Лепестков засмеялся:
– Все. А у вас?
– А у меня их нет, – вздохнув, сказал Кошкин. – Кто в ссылке умер, кто – вернувшись из ссылки. А кто… «Прежде чем петух пропоет трижды, ты отречешься от меня».
Он сидел хмурясь, крепко положив кулаки на худые колени. В красном свете печки он был похож на сердитого тролля со своими медвежьими глазками, грозно выглядывающими из мохнатого окружения.
– Вы помните Карманова? – спросил он.
– Нет.
– Разве вас посадили до сессии ВАСХНИЛ?
– Нет, после.
– Знаете, что он мне сказал накануне своего выступления на сессии? «Что поделаешь, Иван Александрович, у меня трое детей и одна нога».

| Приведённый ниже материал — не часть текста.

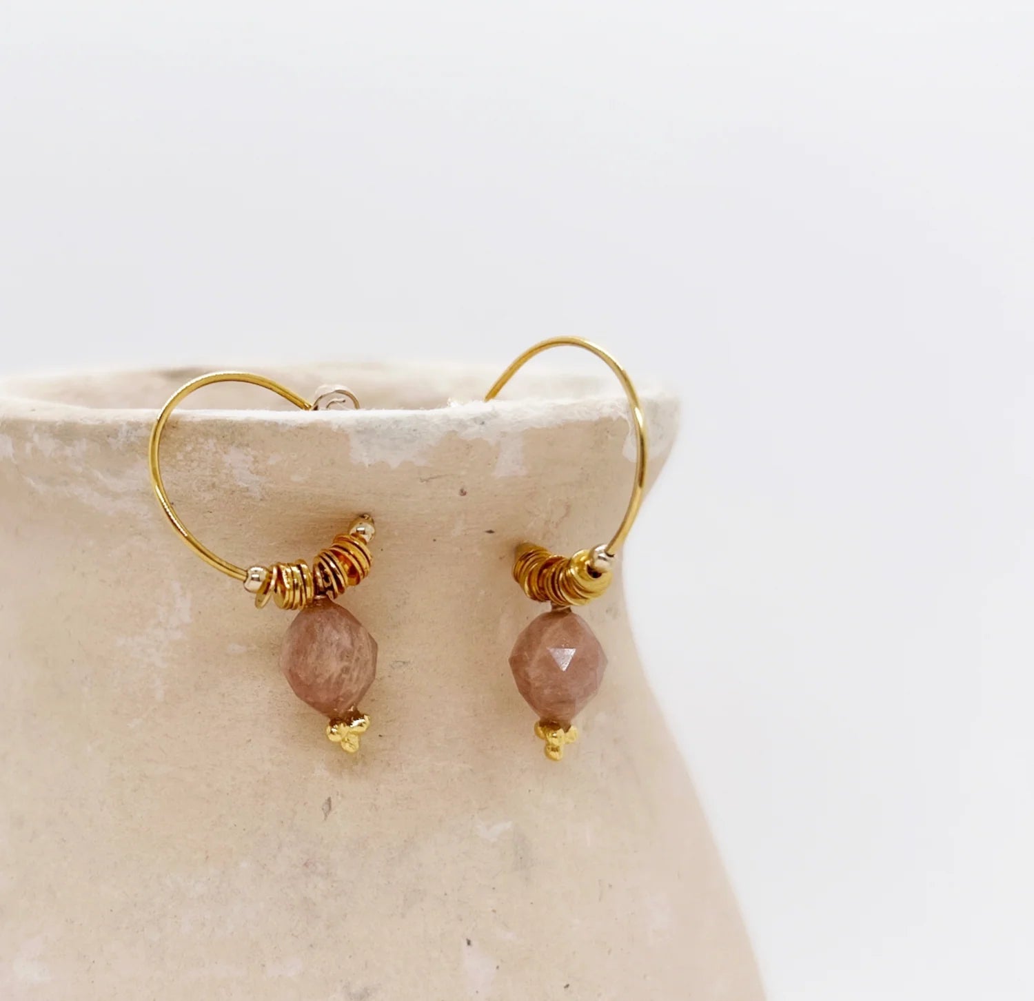 Réalisées dans notre atelier parisien, les petites créoles Mala habillées d'une pierre naturelle, sont un mélange de style élégant et ethnique.
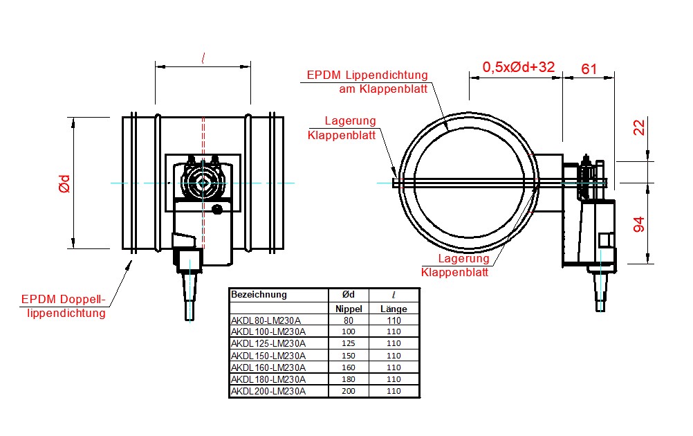 Absperrklappe Stahl verzinkt mit Belimo LM230A für 230V Belimo LM230A für 230V, 5Nm Drehmoment, 150 Sekunden Stellzeit (Zeit von Auf nach Zu) Klappe Stahl verzinkt 275g/m² mit kontinuirlich Bandfeuerverzinkung EPDM Doppellippendichtung für Rohrmontage, Dichtheit für Rohrmontage gemäß DIN EN 1751…
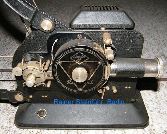 Ich vermute es geht um die runde Mutter auf der Antriebsachse oberhalb des Lichtschalters. Statt der Mutter kann hier eine Handkurbel angeschraubt werden. Es gab diesen Projektor auch in einer Ausführung ohne Motorteil. Ähnlich wie beim Ozaphan-Projektor konnte/musste dann eifrig gekurbelt werden.
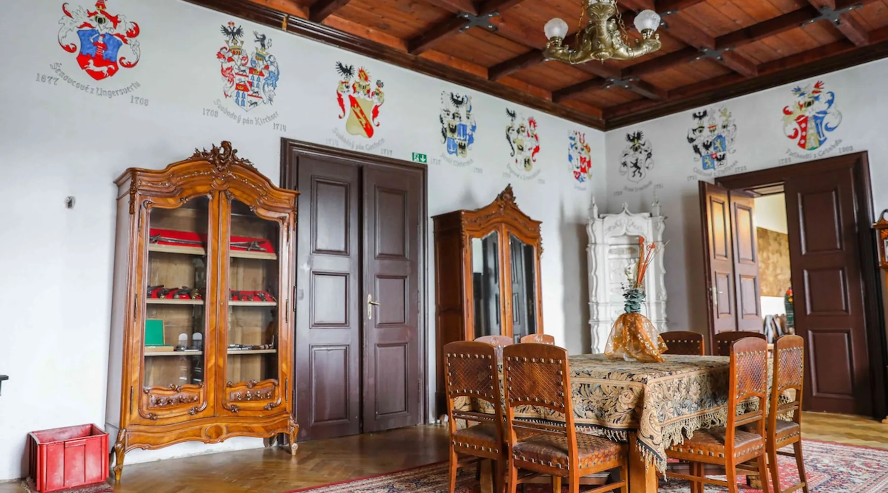 We offer 4 economy rooms (2x 2-bedded room, 1x 3-bedded room, 1x family 4-bedded room). Each room has its own WC and a shower. There is a shared living room with a couch, two armchairs and a coffee table located in the hall and also one shared refrigerator. Price is for 1 person per night. Each additional person 550CZK/1night. INCLUDED: breakfast NOT INCLUDED: City tax 5 CZK/person/night, dinner The space The Úsobí castle is more than suitable for couples as well as for families with kids or bigger groups of tourists, bikers, travellers or friends. We are only 1 hour driving to Praha! Our castle is located just 10 minutes driving to the Šacberk ski areal, 25 minutes to the Luka nad Jihlavou ski areal and 15 minutes to aquapark! And our hot tub is only a few stairs from your room! Come to enjoy the winter at our castle. Transfer yourself into the early 18th century at The Úsobí Castle. You can sit on a historical chair or browse a hundred-year-old book. The castle includes a tavern called At the White Lady, where you can enjoy a refreshing drink or a traditional meal. If you wish to organize a celebration, the Knights and Heroes Halls offer seating space for 120 persons. The chapel of the castle is perfect for weddings. We also have a French park and an English park with a playground for kids. You can enjoy your evening in our hot tub located in the castle cellar. Guest access The whole castle is accessible for our guests. Only the castle caretaker's apartment in the lower right part of the castle is private. During your stay There is always someone at the castle who can help you with any problem. The castle caretaker lives at the castle.

Бабка Гриппа вошла в столовую и, не поздоровавшись, стала шумно орудовать в печке кочергой. Искры вспыхнули, осветив ее лицо, старое и самодовольное, со вздернутым носом.
– А где Рогинский?
– Он был исключен из партии в сорок девятом году. Долго ходил без работы. Потом устроился в Геологический институт.
– Геологический?
– А что делать? Но сейчас все меняется.
– И в академии?
– Да. Лучинин прошел на последних выборах.
– Я знаю. Это важно.
– Еще бы! Гладышеву поручена организация нового научного центра.
– Где?
– В Днищеве.
– Что за человек Гладышев?
– Умен как дьявол. Неприятно самоуверен, резок. Знает, что очень нужен, но пользуется этим умело. Не раздражая. Осторожен, пока это не мешает делу. А тогда уже и неосторожен! Он мне нравится. Где же вы будете спать? Я привез постельное белье и подушку.

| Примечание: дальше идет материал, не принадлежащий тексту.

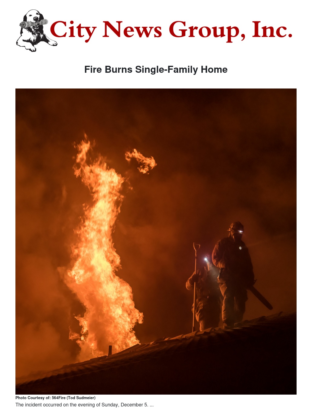Fire Burns Single-Family Home by Carl Baker - City News Group, Inc.

– Спасибо, Иван Александрович. На диване.
– Провалитесь.
– Наплевать.
– Сейчас все устрою, – сказал Лепестков.
Он поднялся на мезонин и принес две большие ковровые подушки.
– Вот и хорошо.
– Вы сошли с ума, – отнимая подушки, сказал Иван Александрович. – На них спала Мальва.
– А кто это – Мальва?
– Собака.
– Прекрасно, – ловко устраивая постель, возразил Остроградский. – А теперь на них буду спать я.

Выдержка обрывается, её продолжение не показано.